------ Provided data
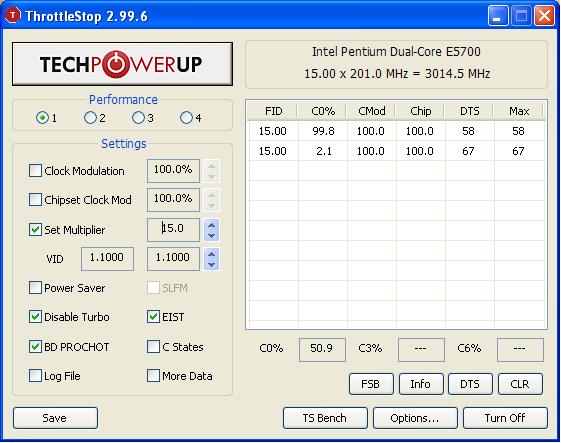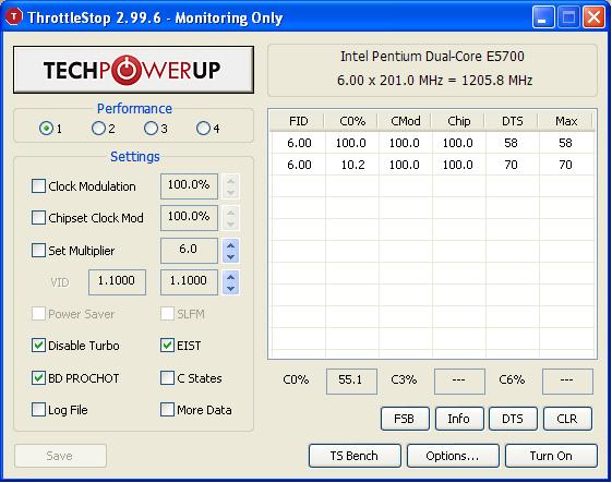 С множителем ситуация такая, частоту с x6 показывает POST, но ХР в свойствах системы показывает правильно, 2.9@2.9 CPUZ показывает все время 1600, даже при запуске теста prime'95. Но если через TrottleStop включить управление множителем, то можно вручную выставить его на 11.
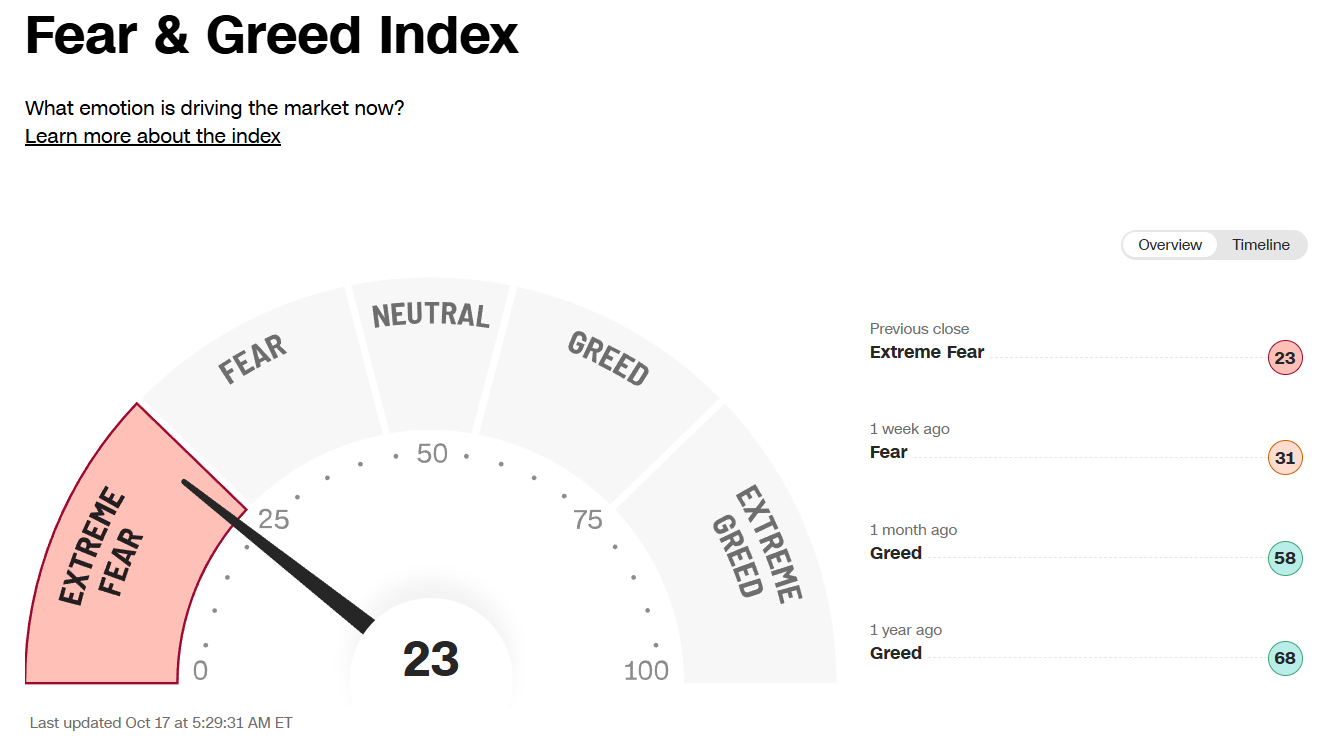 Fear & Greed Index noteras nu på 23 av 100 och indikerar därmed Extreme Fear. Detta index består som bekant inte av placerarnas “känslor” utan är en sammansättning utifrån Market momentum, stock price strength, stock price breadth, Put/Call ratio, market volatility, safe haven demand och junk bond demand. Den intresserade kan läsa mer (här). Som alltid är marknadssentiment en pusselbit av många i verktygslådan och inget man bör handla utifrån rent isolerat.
------------
------ Provided data
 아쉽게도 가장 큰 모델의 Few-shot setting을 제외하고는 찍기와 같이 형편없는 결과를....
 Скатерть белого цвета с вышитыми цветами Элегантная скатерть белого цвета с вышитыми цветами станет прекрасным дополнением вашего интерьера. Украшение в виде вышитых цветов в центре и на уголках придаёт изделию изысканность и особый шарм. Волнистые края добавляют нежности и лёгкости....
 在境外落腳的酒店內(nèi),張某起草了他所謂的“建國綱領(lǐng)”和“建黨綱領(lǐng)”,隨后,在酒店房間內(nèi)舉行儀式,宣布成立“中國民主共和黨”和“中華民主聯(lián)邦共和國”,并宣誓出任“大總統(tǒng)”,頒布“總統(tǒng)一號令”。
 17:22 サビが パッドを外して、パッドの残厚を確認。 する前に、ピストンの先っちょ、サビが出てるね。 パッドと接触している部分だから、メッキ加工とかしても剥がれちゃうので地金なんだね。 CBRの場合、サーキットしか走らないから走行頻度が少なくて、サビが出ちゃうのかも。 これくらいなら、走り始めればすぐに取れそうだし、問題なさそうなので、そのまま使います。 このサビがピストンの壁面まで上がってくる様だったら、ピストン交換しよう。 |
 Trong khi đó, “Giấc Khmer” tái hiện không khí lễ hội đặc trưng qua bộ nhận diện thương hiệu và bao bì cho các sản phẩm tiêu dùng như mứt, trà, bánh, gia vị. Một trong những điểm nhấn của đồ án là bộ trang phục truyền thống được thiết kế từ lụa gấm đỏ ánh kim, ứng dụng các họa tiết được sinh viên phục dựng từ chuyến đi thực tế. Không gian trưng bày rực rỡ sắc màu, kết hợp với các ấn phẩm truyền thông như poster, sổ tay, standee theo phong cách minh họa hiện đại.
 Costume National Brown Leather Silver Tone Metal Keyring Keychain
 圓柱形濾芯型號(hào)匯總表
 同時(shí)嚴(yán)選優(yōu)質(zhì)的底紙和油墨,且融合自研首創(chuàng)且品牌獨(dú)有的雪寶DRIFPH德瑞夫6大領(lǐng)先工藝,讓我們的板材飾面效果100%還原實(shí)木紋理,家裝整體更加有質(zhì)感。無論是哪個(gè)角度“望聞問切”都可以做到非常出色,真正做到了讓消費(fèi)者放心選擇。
------------
------ Provided data
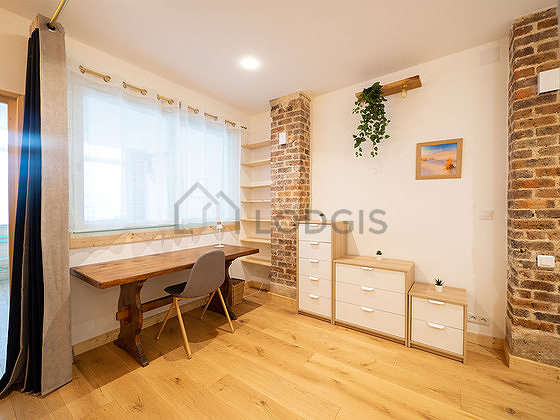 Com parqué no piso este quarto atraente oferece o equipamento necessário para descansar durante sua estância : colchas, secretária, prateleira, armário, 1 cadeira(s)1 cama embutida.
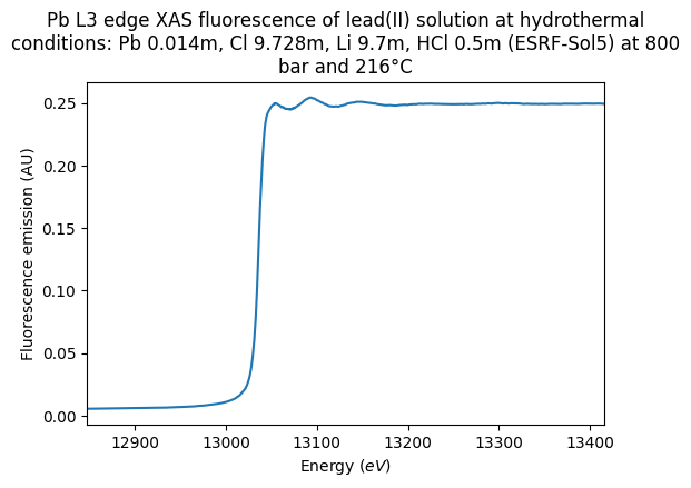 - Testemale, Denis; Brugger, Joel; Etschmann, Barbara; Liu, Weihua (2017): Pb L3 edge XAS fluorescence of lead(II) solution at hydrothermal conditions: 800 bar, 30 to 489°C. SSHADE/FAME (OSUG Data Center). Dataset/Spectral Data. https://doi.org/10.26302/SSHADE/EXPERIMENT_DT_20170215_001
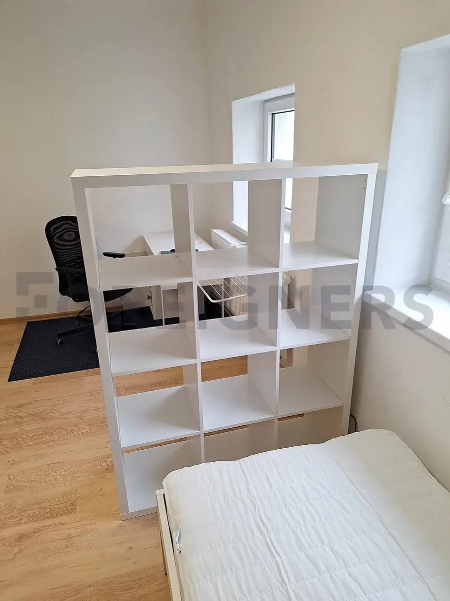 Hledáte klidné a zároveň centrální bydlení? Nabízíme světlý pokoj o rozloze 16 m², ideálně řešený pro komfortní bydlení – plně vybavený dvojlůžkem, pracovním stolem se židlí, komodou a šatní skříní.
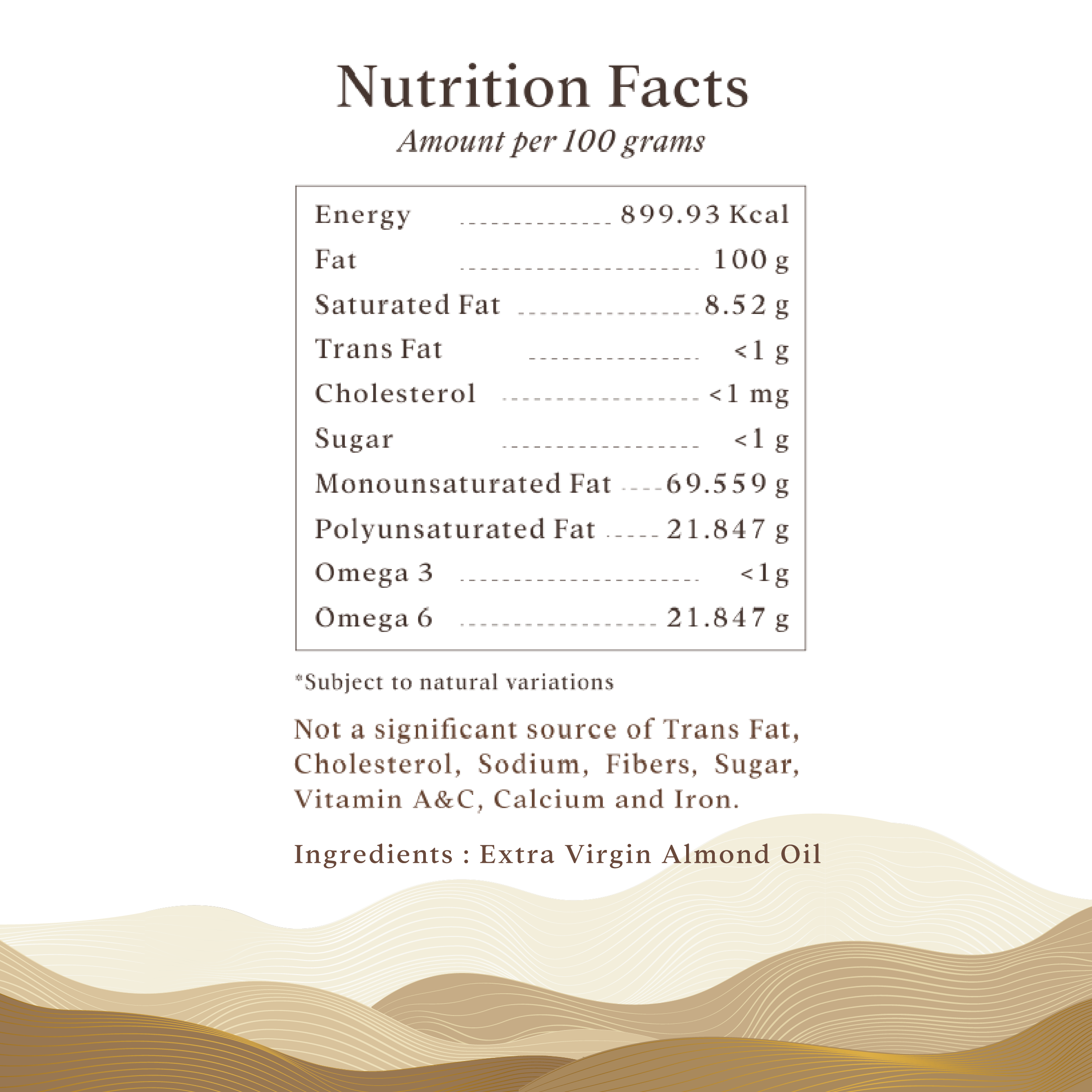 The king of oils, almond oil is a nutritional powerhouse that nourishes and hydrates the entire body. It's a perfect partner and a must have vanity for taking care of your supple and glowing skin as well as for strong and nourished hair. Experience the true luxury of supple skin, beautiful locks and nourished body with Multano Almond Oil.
------------
- What you are asked to do -
Your answer should be one number: how many lines in the preceding listing hold "lǐng".

- Response area -
2